Please bring any repeating data elements (i.e., multiple values for a given data element for an individual) to the attention of the AnVIL team to ensure proper modeling and submission.

Examples of repeating elements

An individual in a data set (“donor”) has a measurement (e.g., blood pressure, lab test, BMI) taken at multiple time points.
An individual in a data set (“donor”) is affected by multiple disease/phenotype/conditions included in the study (e.g., an individual in a diabetes study has both diabetes and diabetes retinopathy; both are being tracked in the study).

Save as "Tab-Delimited Text" or "Tab-Separated Values"

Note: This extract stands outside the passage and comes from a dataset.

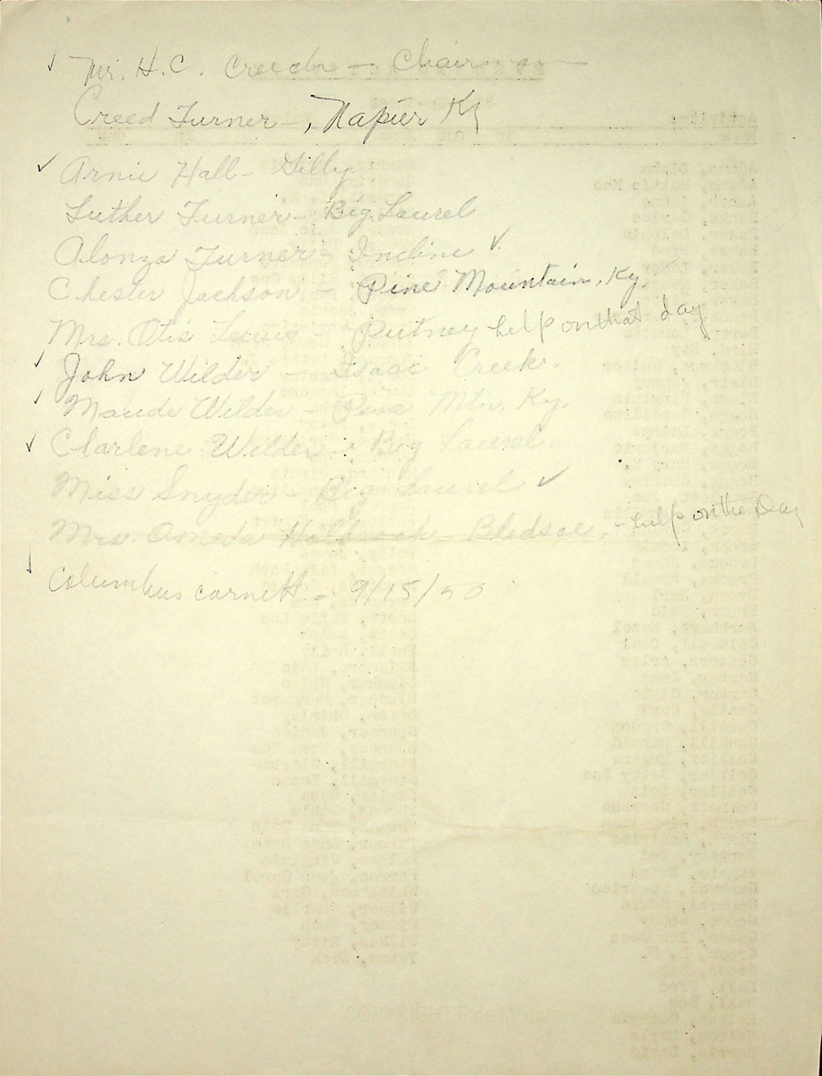 02a-x N.D. Handwritten list of names, apparently those who received the August 29, 1950, invitation to join the Fair Day Planning Committee.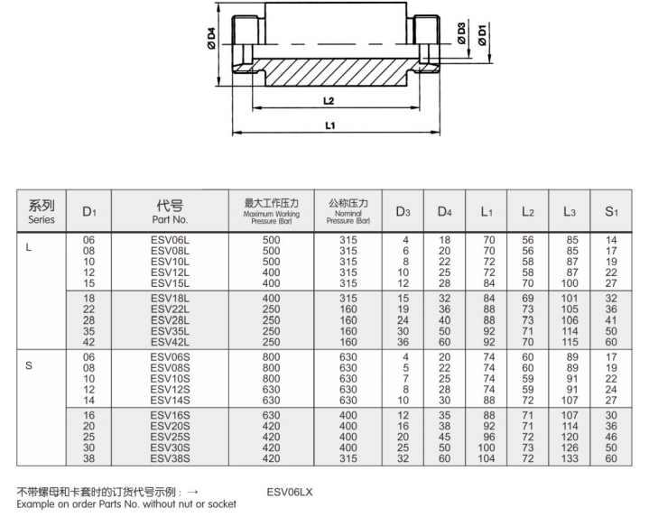 ESV06L,ESV08L,ESV10L,ESV12L,ESV15L,ESV16S,ESV20S,ESV25S,ESV30S,ESV38S,隔板式焊接接頭

Save each table TSV as a separate file in tab-delimited text or tab-separated values format. Your spreadsheet editor may give you a warning about losing data, but we assure you, it's fine!

Table names

In general, AnVIL will ignore the name you give the TSV file and will use the key name in the first column header (the part in front of the _id) for the table name when you upload tables to the staging workspace.

TSV versus TXT File Extensions

Depending on what spreadsheet editor you use, when you save in the proper format your spreadsheet may have either a ".tsv" or a ".txt" extension. AnVIL will accept either one.